Group B: There was a lot of variety of solutions. Even though each table had a bunch, the other tables presented ones we hadn't thought of. Some solutions were grouped by solution method. Others categorized solutions based on immediate previous knowledge. for example areas of parallelograms or whether they were based on much earlier techniques. There were different ways of looking at how to group the answers and how to move through these to help students develop a global and more sophisticated level of understanding.
Group C: I would estimate that we went through a very similar process. What was interesting when we were trying to pick the 3 or 4 models to present to the whole group - we had a lot of ideas of which ones were the clearest or which would take the kids where we want them to go. The experiences we were having as teachers mirrored what the kids would go through themselves. We need to remember that flexibility.
Aki: Some methods generalize. Others don't.
One method involved extending the non-parallel sides to make a large triangle. Big one = .5*b1(h + x).

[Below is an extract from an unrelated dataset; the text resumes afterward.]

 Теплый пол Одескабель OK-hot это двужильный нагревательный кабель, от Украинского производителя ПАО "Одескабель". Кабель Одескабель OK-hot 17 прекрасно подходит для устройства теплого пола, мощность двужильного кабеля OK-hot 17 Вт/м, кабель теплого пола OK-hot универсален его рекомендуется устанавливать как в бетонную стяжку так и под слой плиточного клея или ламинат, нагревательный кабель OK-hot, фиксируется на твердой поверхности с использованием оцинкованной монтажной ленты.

The other triangle = .5*b2*x. So we subtract to get the area of the trap.
You can't get rid of the x's algebraically, but if you notice the triangles are similar you can get the desired formula. h/(h+x) = B2/B1
Should we categorize? Or should the students categorize?
Aki: Deriving the formula and finding the area are different. Some students find the area via counting - but that doesn't generalize to finding the formula.
Question 3) How to facilitate discussion. How can students really appreciate someone else's method? What kind of ideas? Of course there are many.
We start with having them recognize what area is from their experiences of rectangle and triangle - to help them find area of trapezoid.
We can remind them when we were doing the previous problem of parallelogram and triangle we had done them by putting things together or taking them apart. Maybe we could invoke what we've done before in a slightly different way to get at this.
Or we could simply transform this shape into another shape. (Draw line from vertex through midpoint of opposite side to reflect triangle part to make a triangle.)
3 basic methods - add things to diagram.
Take things away
Which might be easy for students to figure out?
Group D: We had some methods that didn't generalize. That might be interesting for students to make a trapezoid where a particular method doesn't work.
To teach math, we need to look at all of these possibilities.
Help students develop problem solving strategies.
- Minimize the number of cuts.
- List available previous knowledge that might be able to help derive the formula.
Better to use rectangle > parallelogram > triangle > to find area of trapezoid
How can we save our effort? Which method might be more efficient? Students have already known that triangles with same base and same height have same area.
Draw line parallel from one vertex parallel to diagonal of trap. Use property that students know: that triangles with the same base and same height have same area.
Aki: If you really expect students to think, you should be very, very mean. The process is better when you use rectangle > parallelogram > triangle > to find area of trapezoid. This process is very important for students - as it relates to their progress in future math
Note: The formula for trapezoid works for parallelogram, rectangle, and square.
Can we generalize the area of a trapezoid method this to arbitrary quadrilaterals? Yes - divide it into two triangles (whose height isn't necessarily the same)
Aki then introduced Monday's problem.